Measurements of the $^{16}$C + $^{12}$C and $^{16}$C + $^{13}$C Total Fusion Cross Sections with Implications for Astrophysics

X-ray superbursts are powered by runaway thermonuclear burning deep inside of a neutron star, where the pycnonuclear fusion of neutron-rich isotopes may be an important heat source. We measured the total fusion cross sections of $^{16}$C + $^{12}$C and $^{16}$C + $^{13}$C for E$_{C.M.}$ = 8 - 22 MeV. The experiment was conducted using the active-target MUlti-Sampling Ionization Chamber (MUSIC) detector at the Argonne Tandem LINAC Accelerator System (ATLAS) facility at Argonne National Lab using a radioactive $^{16}$C beam.
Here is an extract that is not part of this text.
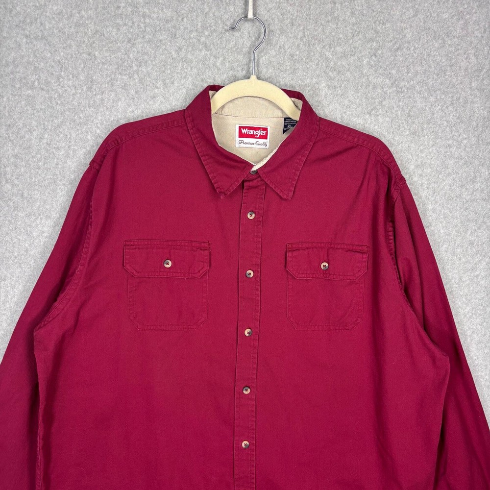 Wrangler Shirt Mens XL Red Button Heavy Cotton Workwear Outdoor Hiking Camping Pre-owned condition: minimal to no signs of wear, small marks on front SKU 5659 **Please see all pictures for full item condition and details** - Ships Same/Next Day, Professional Seller, Offers Welcome, Like or watch for price drops - Item in photos is exact item you will receive - I list new items daily, be sure to browse my store/closet for more items - Bundle pricing and combined shipping available for additional savings - Feel free to send a message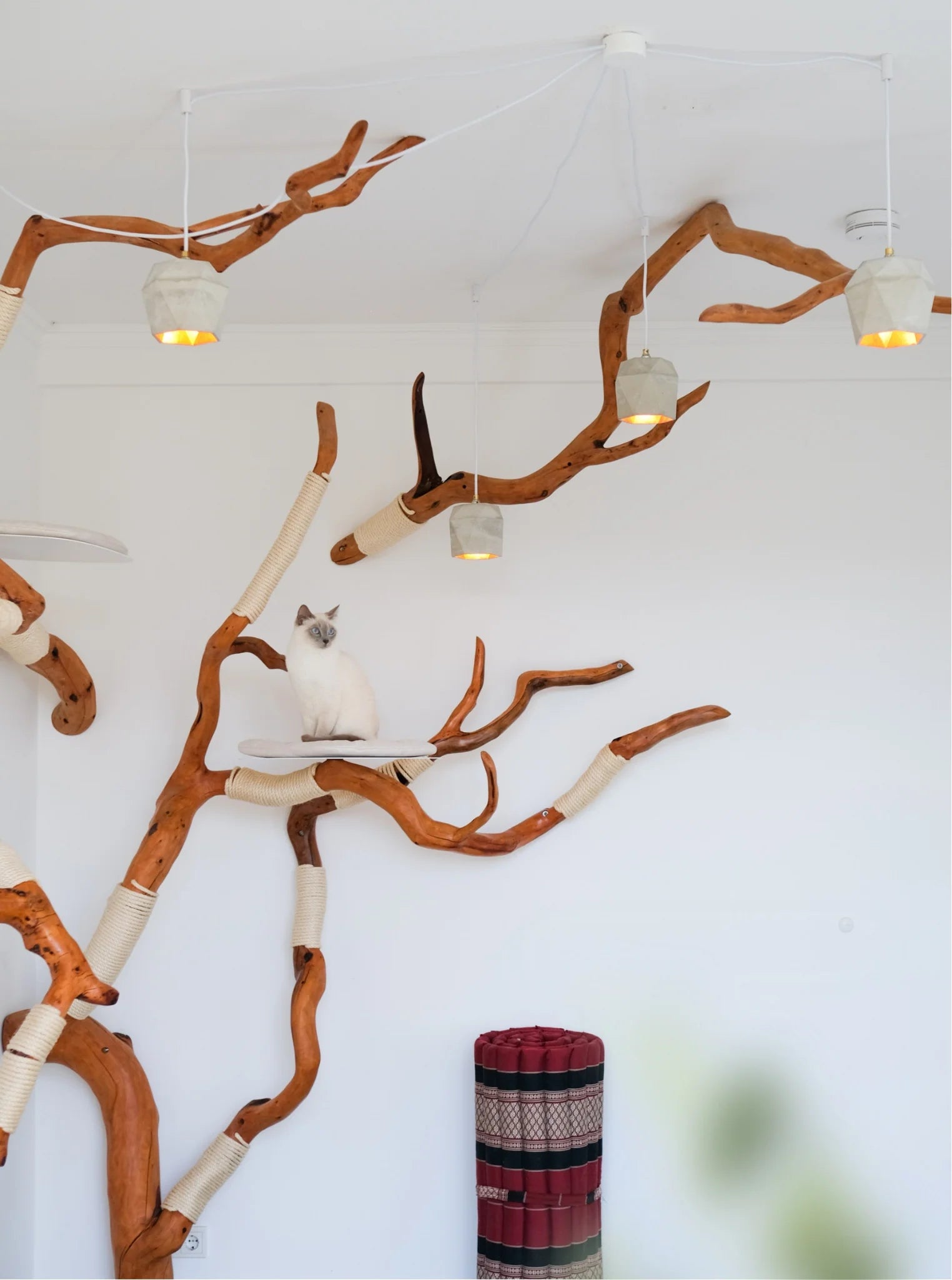 We also see our products not just as cat furniture, but as the completion of a more natural living atmosphere: in which people symbolically come back into harmony with nature. A living environment in which you can feel the overwhelmingly calming energy that emanates from nature and cats, day after day. Your daily anchor of positive moments of happiness.

The measured cross sections show good agreement with theoretical models. While studies indicate that $^{16}$C has a larger mean radius than $^{15}$C, the $^{16}$C + $^{12, 13}$C cross sections are measured to be smaller than the $^{15}$C + $^{12}$C cross section. This indicates that an enhanced s-wave tail of the $^{15}$C wave function might be increasing the $^{15}$C fusion cross section or that neutron pairing effects in $^{16}$C may reduce the $^{16}$C cross sections.